Когда он ушел, я легла локтями на стол и уставилась в одну точку. Плакать не хотелось. Все больное было уже давно выплакано. Вася был у меня вчера вместе с Тимой, я не понимала каких-то намеков, но мне казалось, что и Тима все знает. Было стыдно за Васю и больно. Теперь даже не больно. Все так просто, понятно и пусто.
Потом пришел Сергей Сергеевич (наши играли в винт). Я схватила книгу, где раскроется, и начала читать все по порядку. Он сидел и молчал, потом на клочке бумажки написал: «Неужели вам все равно, что я уезжаю?» Я положила записку в сторону. «Даже не можете отвечать?» «Нет». Он написал дальше: «Разве в этом есть что плохого?» Этого я не поняла. Через некоторое время он написал что-то вроде: «Почему вы не хотите отвечать? Мне очень больно и жаль (я в этом признаюсь) расставаться с вами!» — дальше я не помню. К счастью, вернулась Мамочка и пошла ко мне. Я со словами: «после», сунула бумажку ему. Он мне был почти противен.
Сейчас у меня странное состояние: я устала после велосипедной прогулки, очень разболелась расшибленная нога, появилось сознание чего-то непоправимого. И еще что-то — что не могу определить — не то сожаление, не то упрек… И отчего все это так? До сих пор была чиста и наивна, как новорожденная, и вдруг, так скоро, так сильно все узнать, испытать, перенести… Словно передо мной раскрылся совершенно новый, необъятно-огромный мир, чуждый, сложный и запуганный, где все, что я до сих пор называла «грубым реализмом», становится заоблачной мечтой.

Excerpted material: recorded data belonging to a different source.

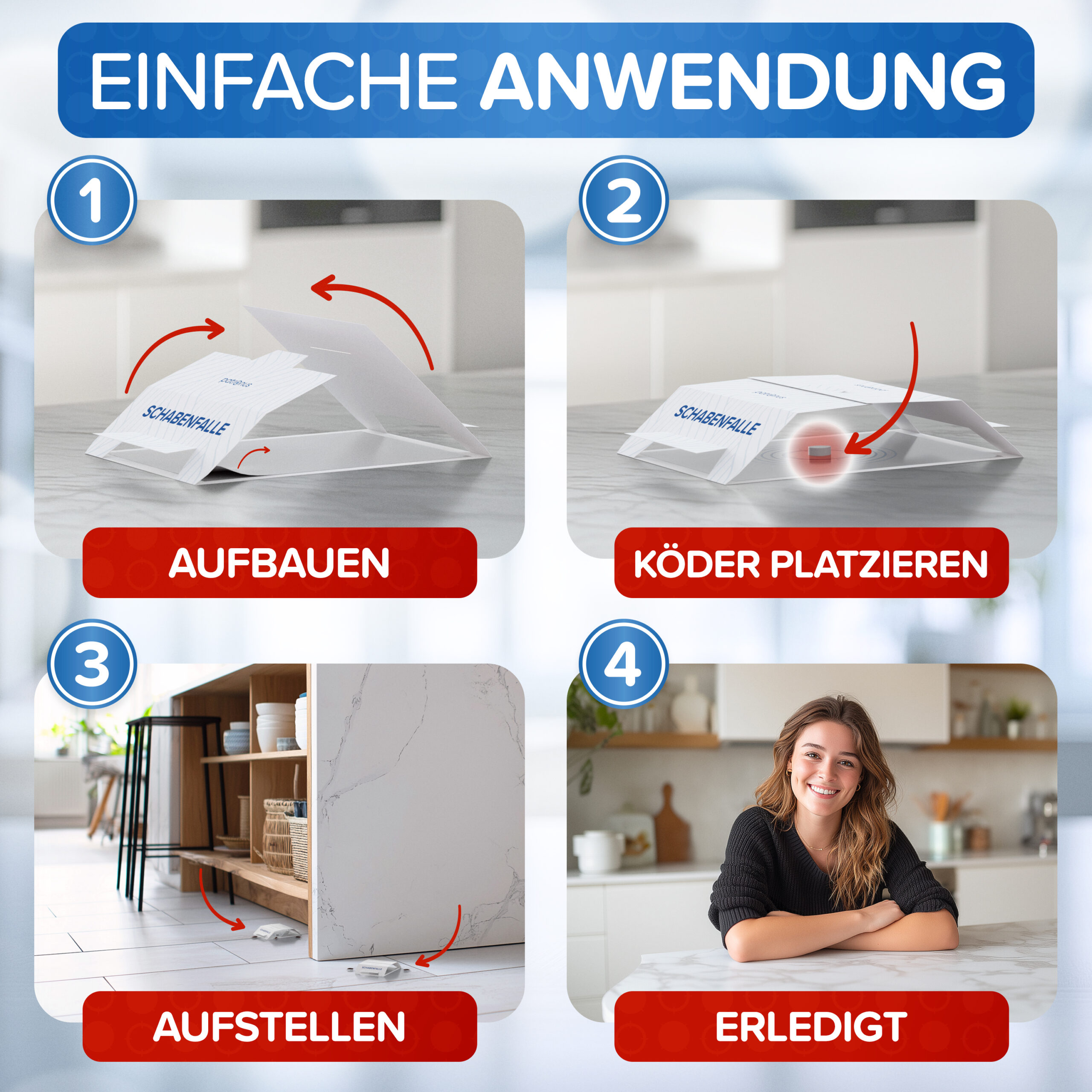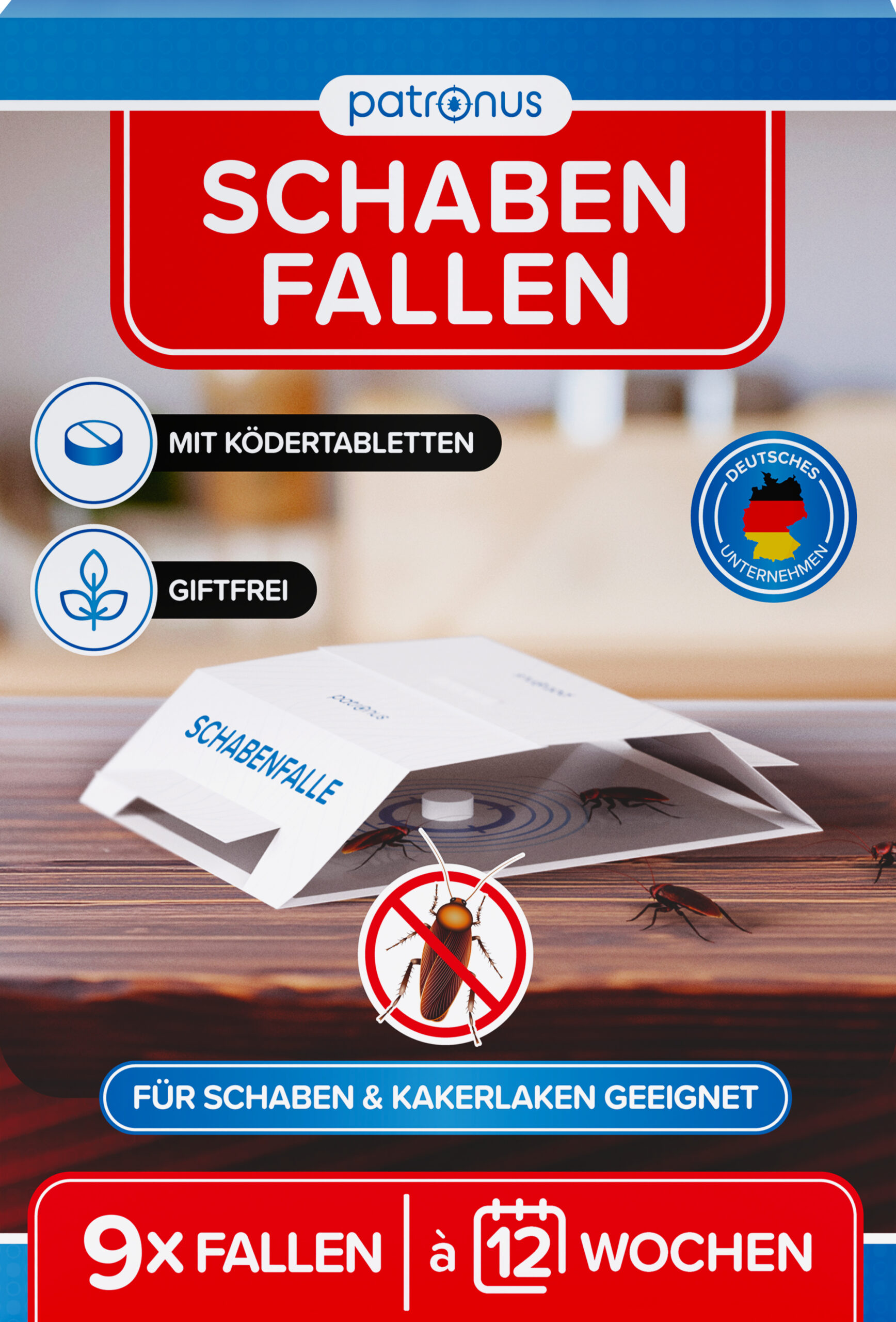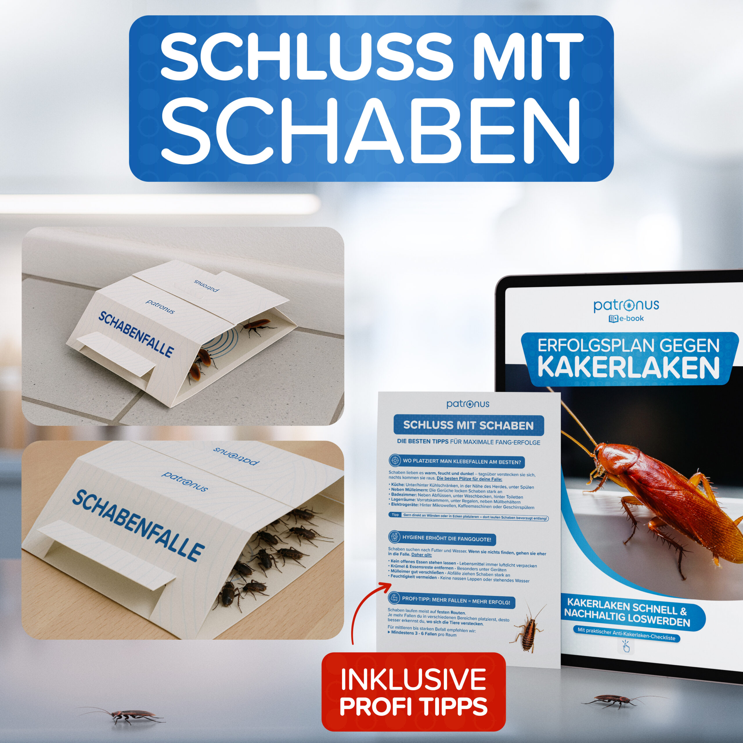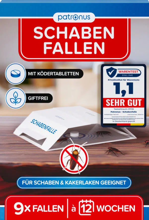 4. Schritt: Monitoring-Erfolg im Auge behalten – Fallen sind bis zu 12 Wochen wirksam. Wichtig: Wird ein akuter Befall mit Schaben festgestellt, empfehlen wir das Patronus Insekten-Spray (500ml oder 750ml) um schnellstmögliche Erfolge zu erzielen.
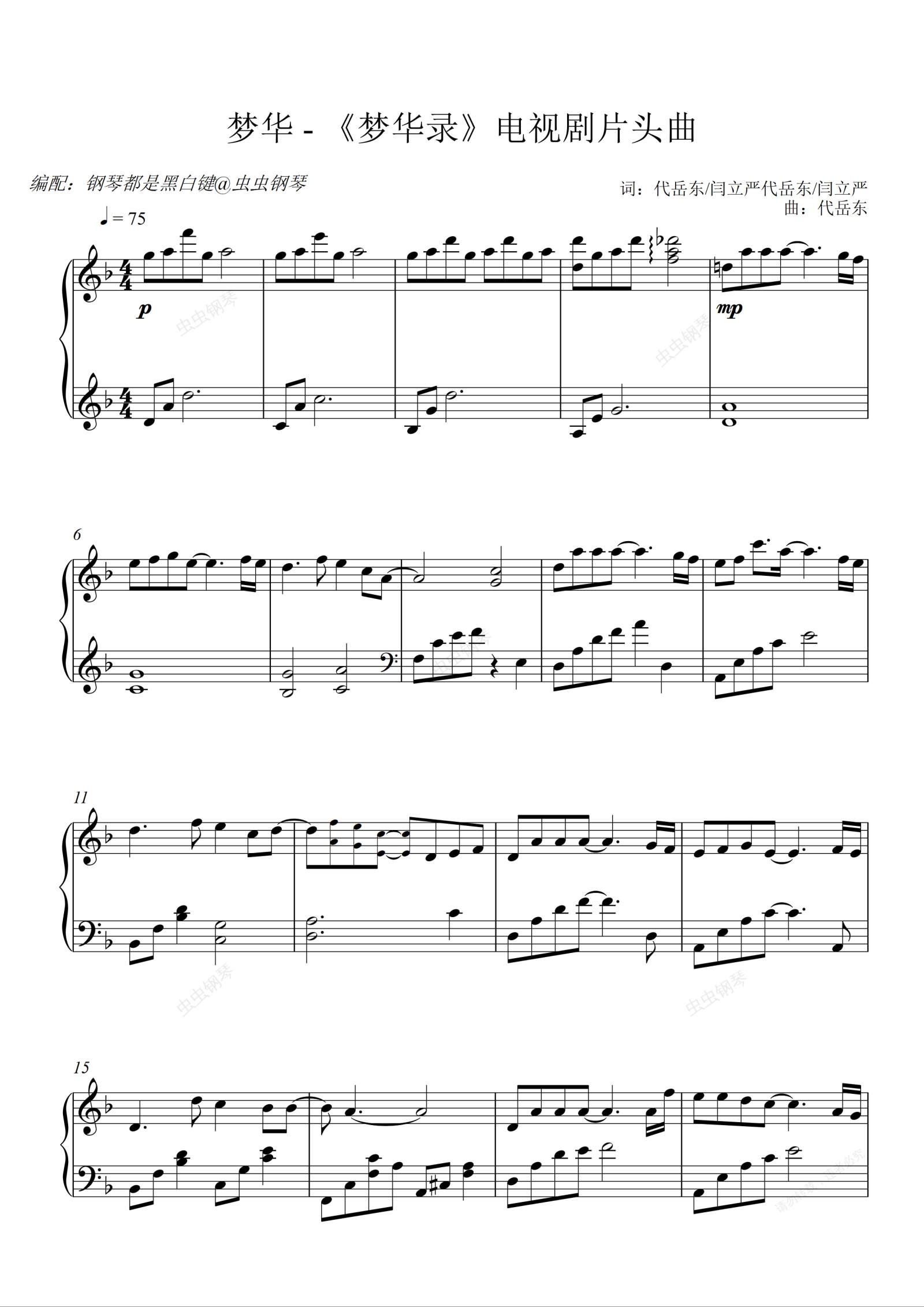 钢琴谱:梦华 - 《梦华录》电视剧片头曲 【精品钢琴独奏】
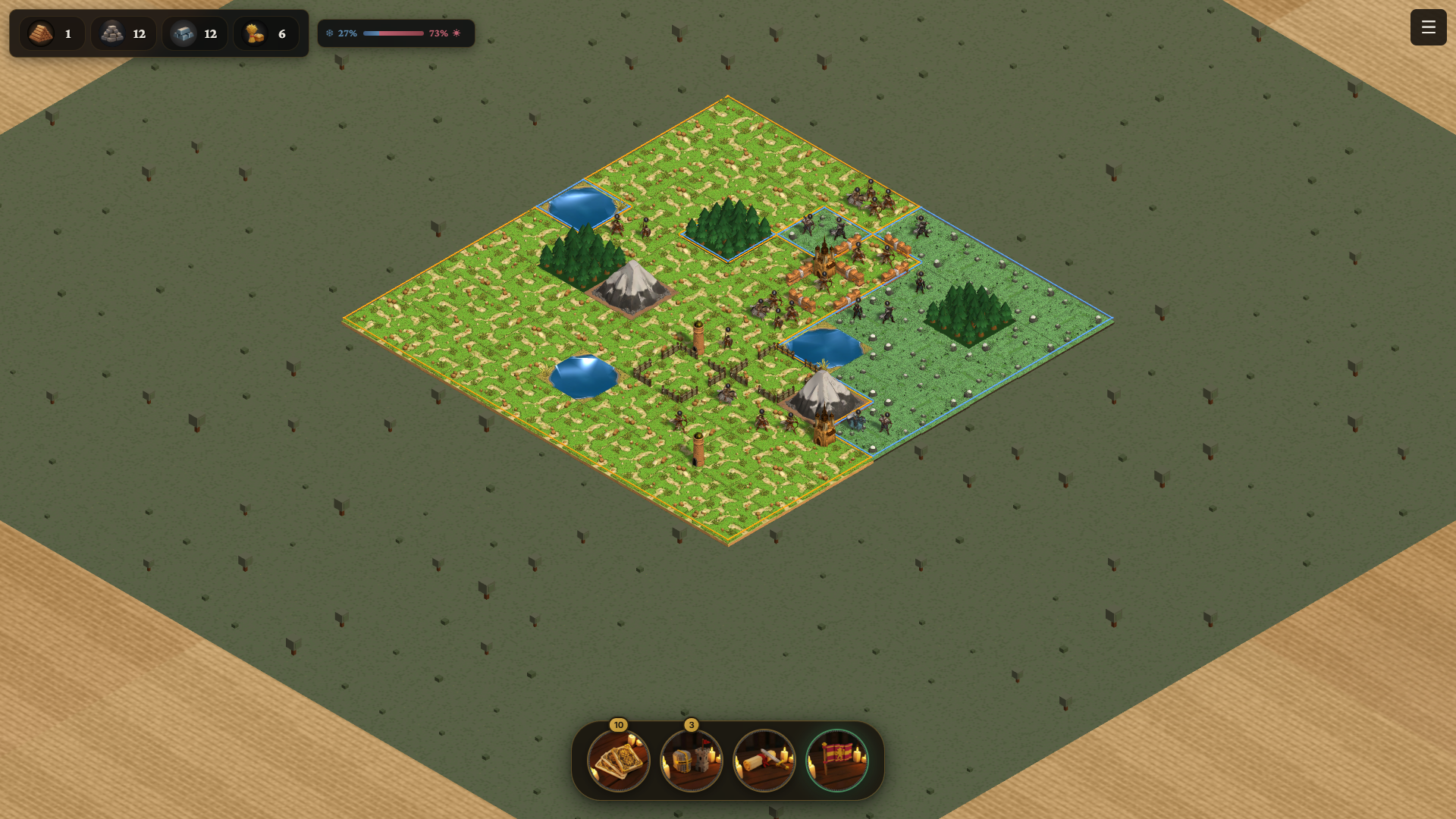 Зіграй карти з колоди — отримай деревину, камінь, залізо та їжу. Без ресурсів армія не росте.
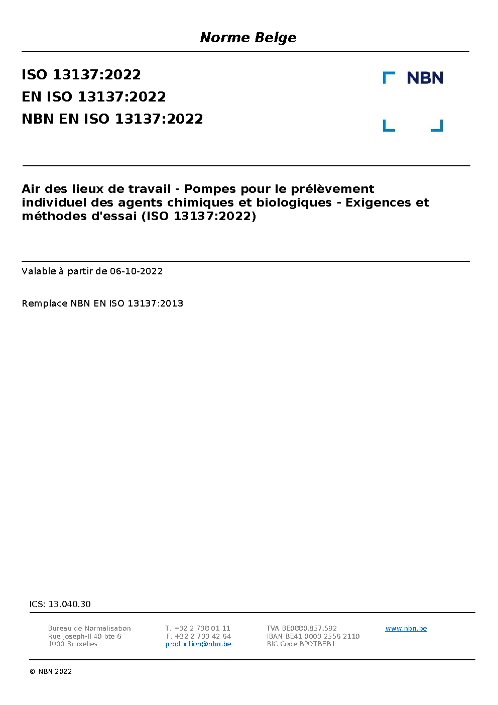 Workplace atmospheres - Pumps for personal sampling of chemical and biological agents - Requirements and test methods (ISO 13137:2022)
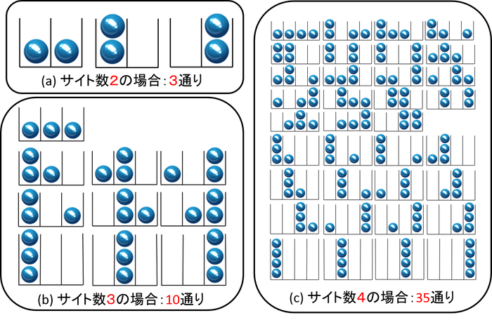具体的に、隣り合う2つの容器を考え、そこに2つの原子を入れるという状況を考えます。隣り合う容器の間で原子が飛び移れるようにすると、図1(a)で示すように、左右の容器に1つずつの状態(左)、左の容器に2つの状態(中)、右の容器に2つの状態(右)の3通りの状態が考えられます。量子力学によれば、一般的な状態というのはこれらの状態がある確率振幅(確率振幅の絶対値自乗が実現確率)で重ね合わされたもので、未来においてそれぞれの確率振幅がどのように変化するかはシュレディンガー方程式を解くとわかります。図1(a)で示した場合のように、系が取りうる状態が3通りだけであれば、コンピュータを使って簡単にシュレディンガー方程式を解くことができます。図1(b)で示す3つの容器に3つの原子を入れる場合は、系が取りうる状態は10通りであり、この場合も問題なくコンピュータで解けます。図1(c)で示す4つの容器に4つの原子の場合(35通り)もまだ解けます。しかしながら、容器の数と粒子の数を簡単のためどちらもNとすると取りうる状態の数は(2N - 1)!/((N -1)! N !)となり、Nが増えると爆発的に増大します。例えば、N=30ですでに状態の数はおよそ6×10^16通りになり、10^17バイト程度のデータ量になってしまいます。これは理化学研究所が開発中のスーパーコンピュータ「富岳」でも扱えないデータ量です。このように、構成要素数が増えると扱わなければならないデータ量が爆発的に増えるという性質のために、量子多体系の正確なコンピュータシミュレーションは現実的には不可能なのです。
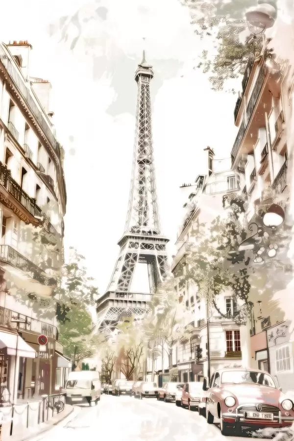Poster Afbeelding van Parijs, imitatie van verf f45668
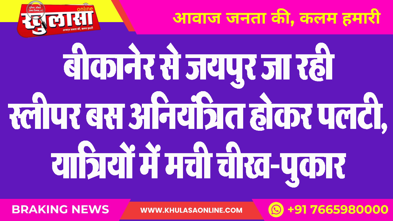 बीकानेर से जयपुर जा रही स्लीपर बस अनियंत्रित होकर पलटी, यात्रियों में मची चीख-पुकार
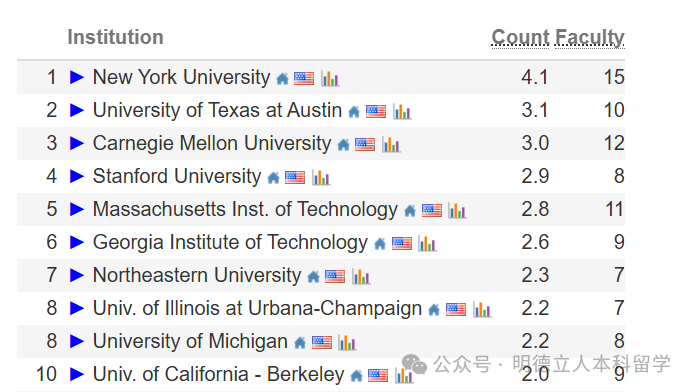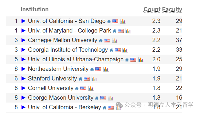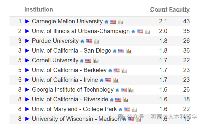 💡核心亮点:在美国计算机科学(AI)排名前10的榜单中,共有11所大学入围。
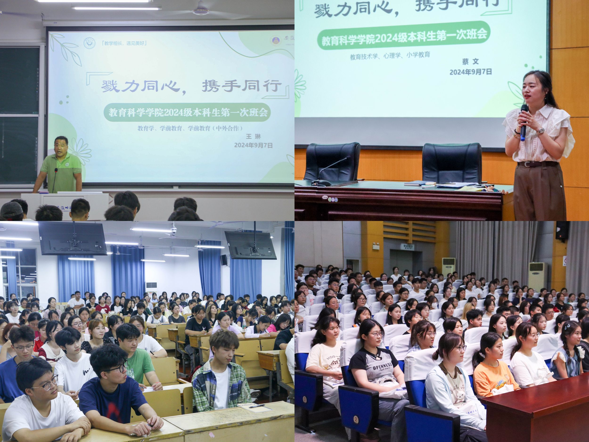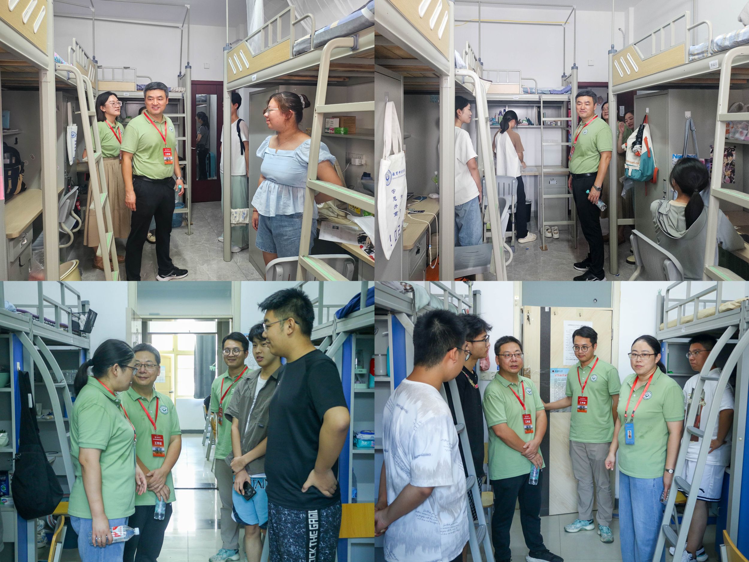 新生报到当天,校领导、院领导多次前来报到现场视察教科院迎新工作开展情况,公司党委书记张立驰、董事长李亚栋、副董事长曾黎明、副董事长高峰、公司党委副书记胡靖等校领导与新生以及值班人员交流,关心慰问志愿者,关心迎新进程。公司党政全体班子成员等深入新生宿舍,了解住宿情况,共谈老员工活。当日晚七点,24级辅导员分别于田楼报告厅与教学楼1401召开新生开学班会,为同学们答疑解惑,公司党委副书记杜凤参加会议并希望同学们能尽快适应老员工活,及时调整转变角色,努力成为一名优秀的教科人。

24 марта 1924. Понедельник
Хочу возбудить в себе к Васе гадливое чувство. И не могу. Хочу представить себе, как эти руки, которые хватали и сжимали мои пальцы, также держали руки тех проституток, — как я их представляю, — полуарабок, полуитальянок: и он также целовал лицо, волосы, шею, также смотрел на них пристально, безмолвно с полуулыбкой и страстью… В мозгу на разные лады повторяется одно слово: «разврат, развратники, развращенный…» В этом звуке заключается какой-то темный ужас. Когда я смотрюсь в зеркало, мне кажется, что я вижу на себе какую-то совсем чужую, непохожую на меня, толстую, апатичную и уже совершенно сформировавшуюся женщину. Я стараюсь найти в ней сходство с собой и не нахожу. А в уме стреляет: «развратница». Смотрю на идущий обедать батальон — синие мальчики в синих бушлатах, в белых шапках, выстроенные по росту, с равнодушным выражением лица, а в голове вертится: «половина из них развратники». Но кто же, кто? Неужели же нет ни одного хорошего, чистого? Вглядываюсь в лица. Вот одно симпатичное, скромное лицо. Трещенков, да, этот не пойдет, за ним свежее, веселое лицо Васи — отворачиваюсь. «Разврат». «Отдалась». И вот эти синие мальчики говорят об этом и презирают женщин. Я представляю: кто-нибудь говорит, все слушают, и все довольны. Мима с негодованием бросается на рассказчика, его поднимают на смех. А Вася? Молчит? Или хвастается? Полузакрыв глаза, со странной, довольной улыбкой, он вспоминает дрожь, как электрический ток пробежавшую в руках от плеча до конца пальцев — страсть. А Коля? Единственный на свете, сказавший мне «будем друзьями»! Как давно я искала этого и как теперь я не могу назваться действительно его другом. Мне хочется называть его Васей, хочется, чтобы он говорил с польским акцентом — это мне дорого, это — не разврат, это мое чувство, мое отношение, мое воспоминание. А его отношение ко мне, его упрямый и жадный взгляд — развращенный…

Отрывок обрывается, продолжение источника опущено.